10月には愛知県の長久手市文化の家を訪れました。ここは設計者がアーラと同じということもあるせいか、建物内に入っても違和感がなく、ホールの座席に座っていると居心地が大変いいです。昨年アーラコレクションシリーズでお世話になった平幹二朗さんが出演された舞台があったので、芝居を観せていただき、その後、楽屋におじゃましました。ちなみに隣の楽屋は佐々木蔵之介さん、長身で素敵な役者さんです。蔵之介さんはアーラ開館の年に永井愛さんの「新・明暗」で小劇場の舞台に立っていただいています。

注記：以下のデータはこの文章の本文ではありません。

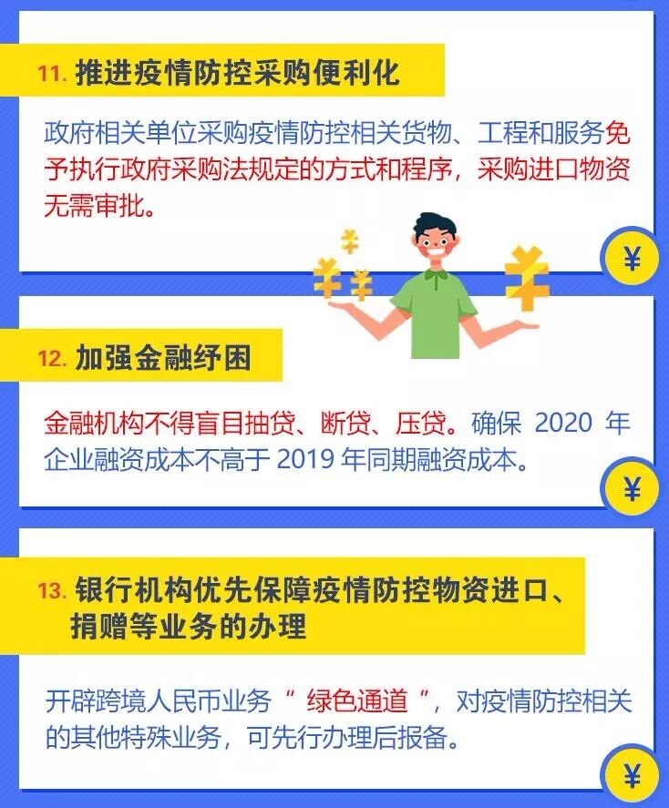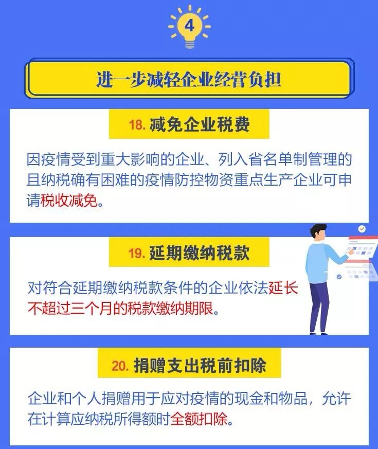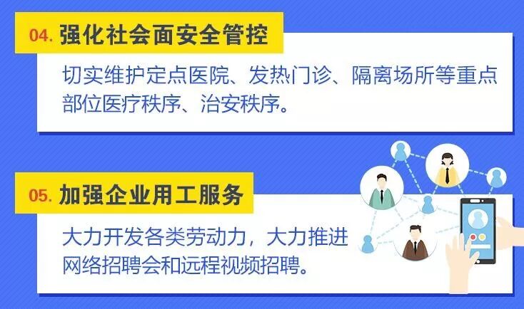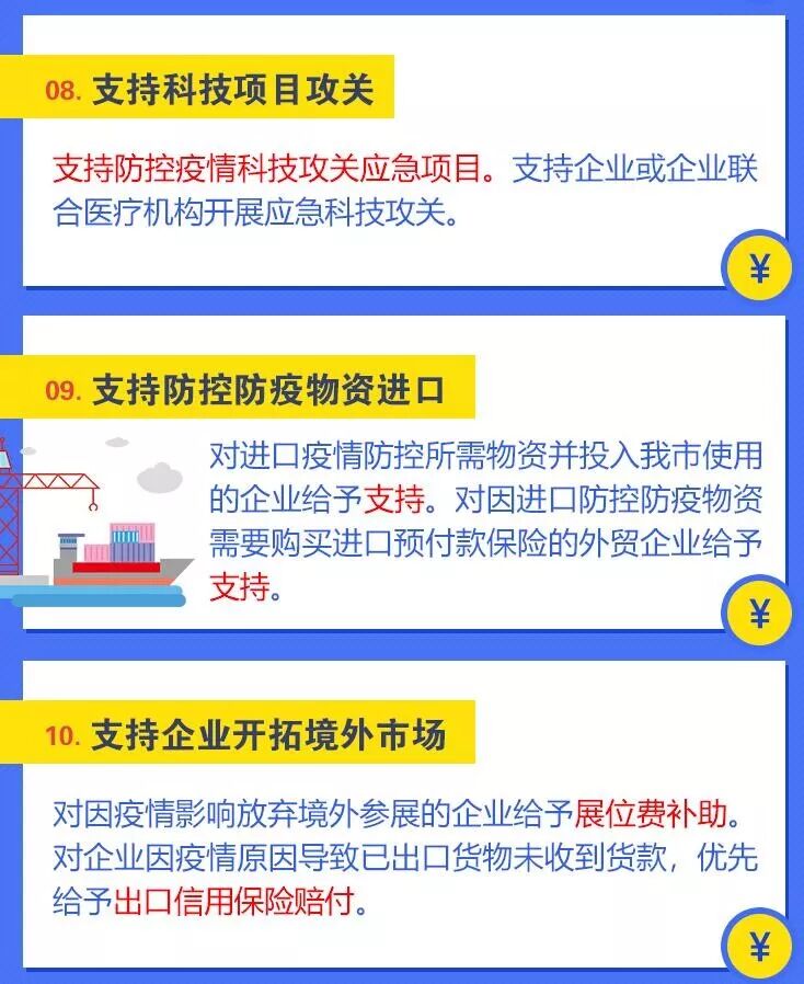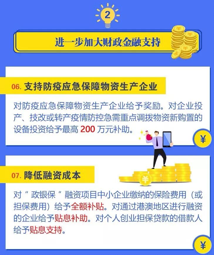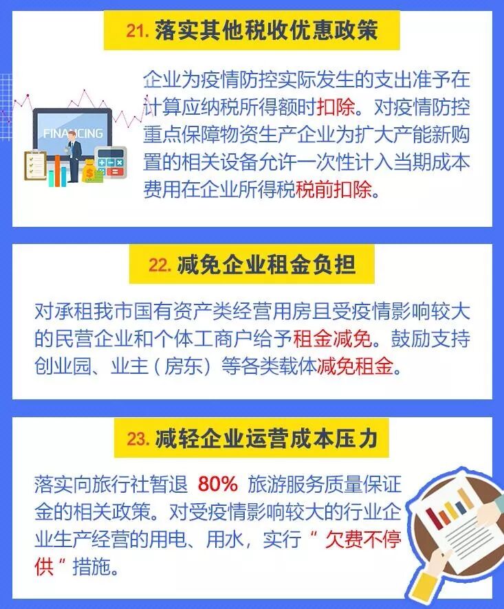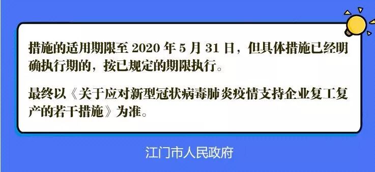 一、加大保障企业复工复产力度 “一企一策”帮助企业协助解决职工返岗以及防控物资购置问题。落实好“四到位”和“八个一”要求,确保企业在疫情防控达标前提下复工复产。保障交通畅通,确保复工复产人员有序返程及防控物资运输保障;加强企业用工服务,大力推进网络招聘会和远程视频招聘,发动职业院校学生、青年志愿者等,重点支援防控物资生产企业短期用工所需。 二、加强财政金融支持 专门明确对提前复工生产以及扩产、转产防疫应急保障物资的企业给予奖励。通过贴息、补助等方式降低企业融资成本,确保重点物资生产企业资金需求。支持防控疫情科技攻关以及防控防疫物资进口。 三、降低企业用工成本 允许受疫情影响的企业缓缴社会保险费。对不裁员、少减员的企业实施失业保险稳岗返还。对企业所支付的未能返岗的湖北籍务工人员工资待遇给予延迟复工补助,对企业新招用首次在我市就业员工的,给予招工补贴。 四、减轻企业经营负担 因疫情受到重大影响的企业以及列入省名单制管理的疫情防控物资重点生产企业可申请税费减免。减免企业租金负担,对承租我市国有资产类经营用房且受疫情影响较大的民营企业和个体工商户给予租金减免。对受疫情影响较大的行业企业生产经营的用电、用水,实行“欠费不停供”。 五、优化政务服务 明确要设立防控物资进口快速通关“绿色通道”。完善审批工作“直通车”制度。强化疫情防控相关项目建设的用地等要素保障。优化企业征信管理,在“信用江门”网站开设信用修复专栏,引导、支持企业申请信用修复。建立领导联系企业制度,快速协助企业解决受疫情影响产生的问题。

先月には劇団四季の「アイーダ 愛に生きた王女」を観てきました。場所は名古屋にある劇団四季の専用劇場「新名古屋ミュージカル劇場」、公演期間中は常設の劇場です。大規模な初期投資はかかるでしょうが、専用の緞帳、大道具、照明器具、音響設備を備えています。毎日の仕込みやバラしは不要です。劇場入口ではチケットに記載されたQRコードをシステムにかざすとそこで入場の可否を判断します。半券をもぎることはしません。入場可と判断されるとゲートの先に一枚の紙片が出てくるので、それを受け取ります。そこには自分の座る席の大まかな位置図と、どの扉を入っていくと最短で到着するのかのルート図が印刷してあります。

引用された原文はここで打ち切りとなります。